Analytics & Threshold Alerts
By Steve Tunstall on May 03, 2012
Alerts are great for not only letting you know when there's some kind of hardware event, but they can also be pro-active and let you know there's a bottleneck coming BEFORE it happens. Check these out. There are two kinds of Alerts in the ZFSSA. When you go to Configuration-->Alerts, you fist see the plus sign by the "Alert Actions" section. These are pretty self-explanatory and not what I'm talking about today. Click on the "Threshold Alerts", and then click the plus sign by those.
This is what I'm talking about. The default one that comes up, "CPU: Percent Utilization" is a good one to start with. I don't mind if my CPUs go to 100% utilized for a short time. After all, we bought them to be used, right? If they go over 90% for over 10 minutes, however, something is up, and maybe we have workloads on this machine it was not designed for, or we don't have enough CPUs in the system and need more. So we can setup an alert that will keep an eye on this for us and send us an email if this were to occur. Now I don't have to keep watching it all the time. For an even better example, keep reading...
What if you want to keep your eyes on whether your Readzillas or Logzillas are being over-utilized? In other words, do you have enough of them? Perhaps you only have 2 Logzillas, and you think you may be better off with 4, but how do you prove it? No problem. Here in Threshold Alerts, click on the Threshold drop-down box, and choose your "Disk: Percent Utilization for Disk: Jxxxxx 013" choice, which is my Logzilla drive in the Jxxxxx tray.
Wait. What's that? You don't have a choice in your drop-down for the Threshold item you are looking for, such as an individual disk?
Well, we will have to fix that.
Leave Alerts for now, and join me over in Analytics. Start with a worksheet with "Disk: Percent utilization broken down by Disk" chart. You do have this, as it's already one of your built-in datasets.

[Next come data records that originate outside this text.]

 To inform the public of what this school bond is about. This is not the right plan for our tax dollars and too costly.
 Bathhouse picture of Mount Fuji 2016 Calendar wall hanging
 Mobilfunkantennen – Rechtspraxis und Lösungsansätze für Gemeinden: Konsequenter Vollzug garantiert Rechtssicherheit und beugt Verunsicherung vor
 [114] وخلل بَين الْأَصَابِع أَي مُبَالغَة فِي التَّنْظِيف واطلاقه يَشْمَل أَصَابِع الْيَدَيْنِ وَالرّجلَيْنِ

Now, expand it so you can see all of your disks, and find one of your Readzilla or Logzilla drives. (Hint: It will NOT be disk 13 like my example here. Logzillas are always in the 20, 21, 22, or 23 slots of a disk tray. Go to your Configuration-->Hardware screens and you can easily find out which drives are which for your system).

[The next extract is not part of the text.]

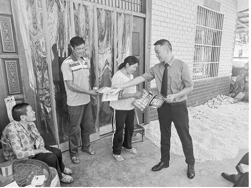 今年9月18日,陕西省镇坪县检察院干警在上竹镇松坪村开展平安建设法治宣传,向群众发放宣传材料。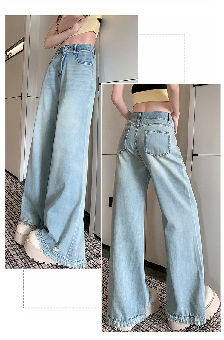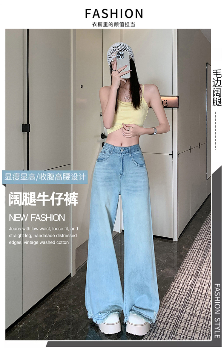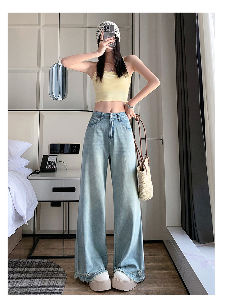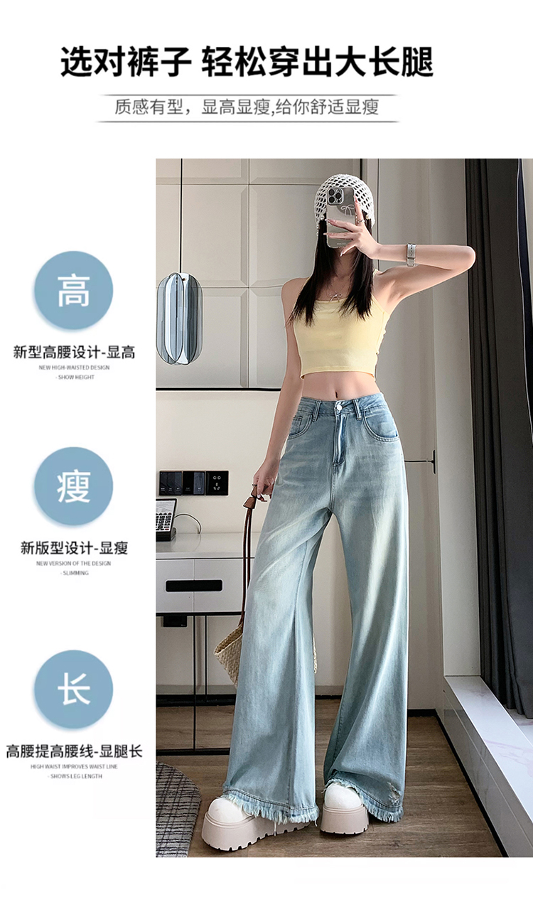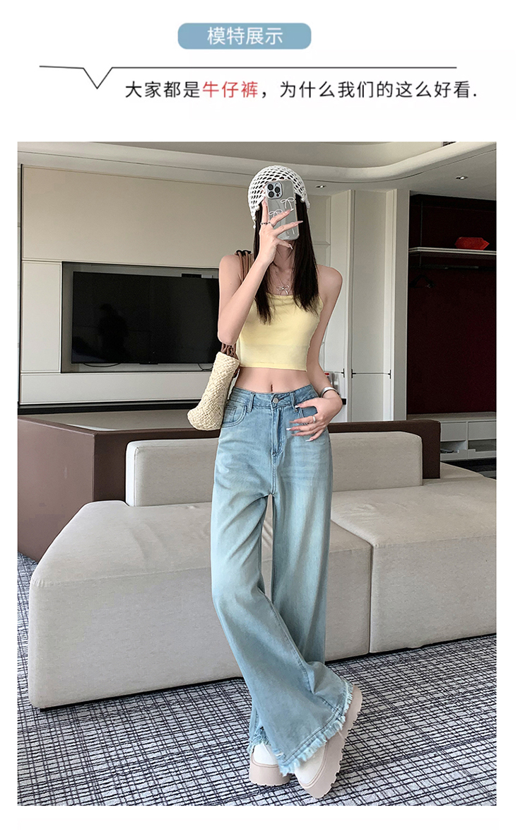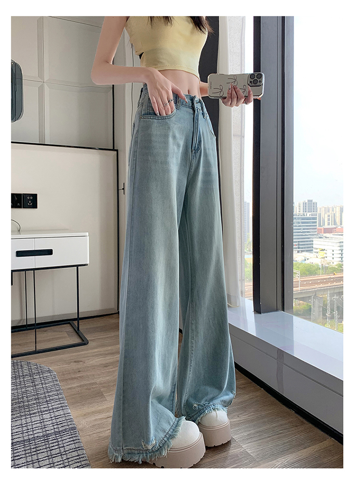 浅蓝色破洞毛边高腰微喇牛仔裤女春季宽松百搭休闲阔腿喇叭拖地裤

Now, click on that drive to highlight it, like this:
Click on the Drill Button, and choose to drill down on that drive as a raw statistic. You will now have a whole new data chart, just for that one drive.
Don't go away yet. You now need to save that chart as a new dataset, which will keep it in your ZFSSA analytic metrics forever. Well, until you delete it.

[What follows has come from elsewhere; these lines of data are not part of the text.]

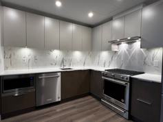 As you enter the home, you’re greeted with the open kitchen and living room. Equipped with Kitchen Aid & Bloomberg appliances, including an over sized 5 burner stove oven. The bedrooms are on opposite sides of the home, maximizing privacy and the master bedroom is complete with a spacious walkthrough closet and an ensuite with ample shelving storage. Laminate flooring throughout, making it very easy to clean.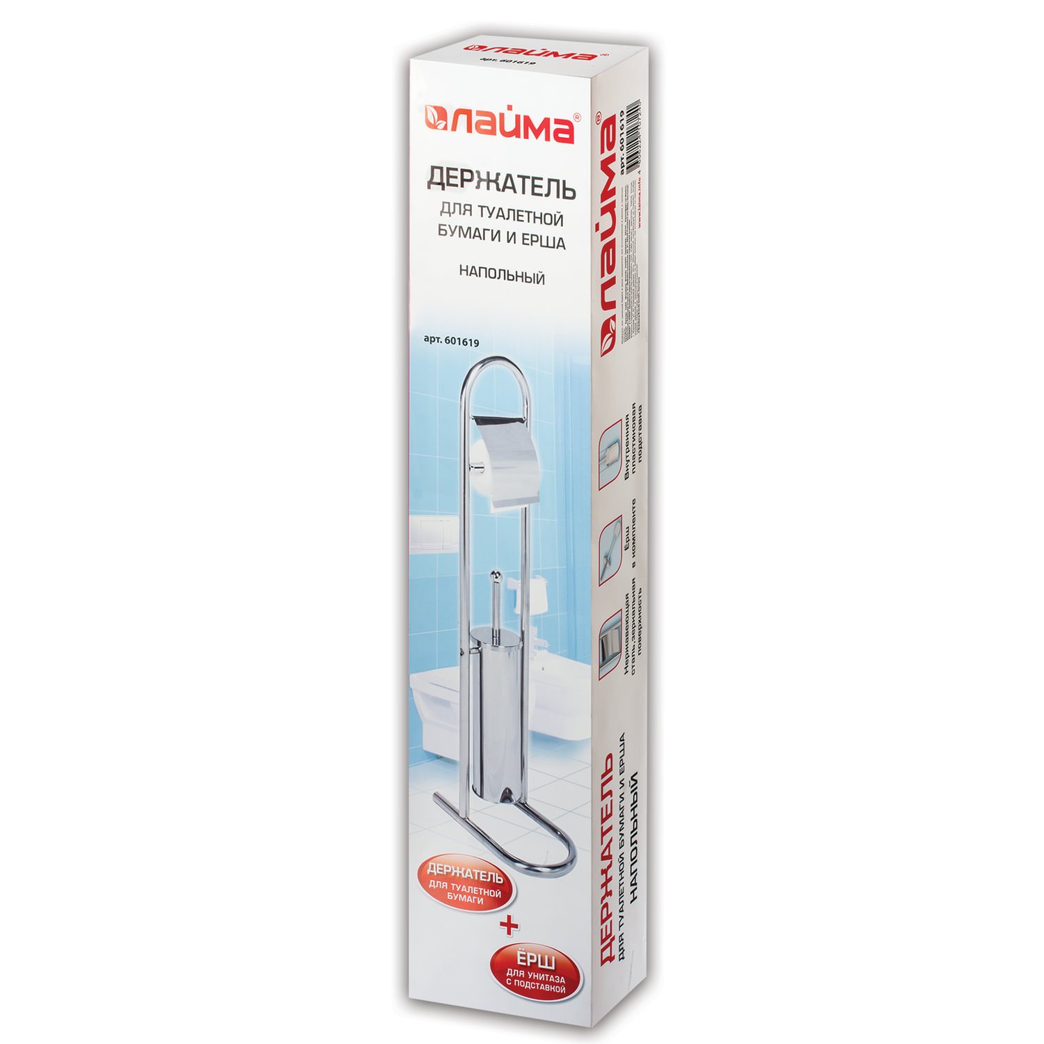 Стойка напольная ерш с подставкой + держатель туалетной бумаги, сталь, зеркальный LAIMA, 601619
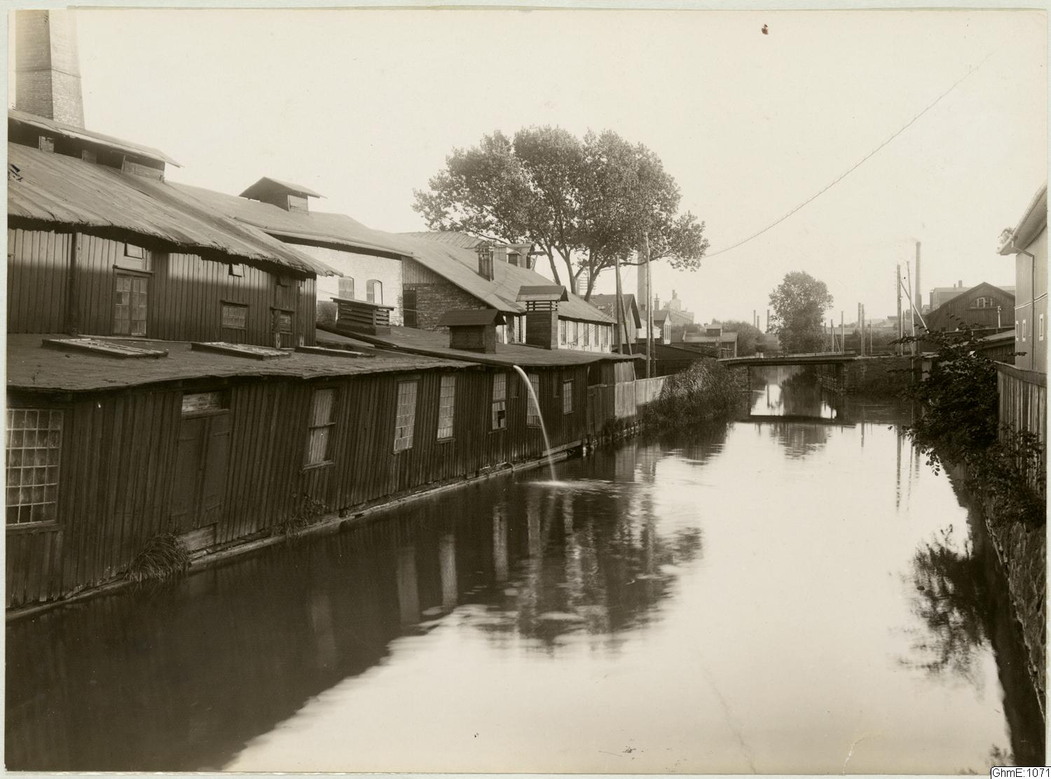 Mölndalsån, fotot taget från bron vid Getebergs led, söderut. Till vänster Bohus Mekaniska Verkstad.

Click on the "Save" button, the second to last button on that chart. It looks like a circle with white dots on it (it's supposed to look like a reel-to-reel tape spindle).
Now go to your "Analytics-->Datasets", and you will see a new dataset in there for it.
Go back to your Threshold Alerts, and you will now be able to make an alert that will tell you if this specific drive goes over 90% for more than 10 minutes. If this happens a lot, you probably need more Readzillas or Logzillas.
I hope you like these Alerts. They may take some time to setup at first, but in the long run you may thank yourself. It might not be a bad idea to send the email alerts to a mail distribution list, instead of a single person who may be on vacation when the alert is hit. Enjoy.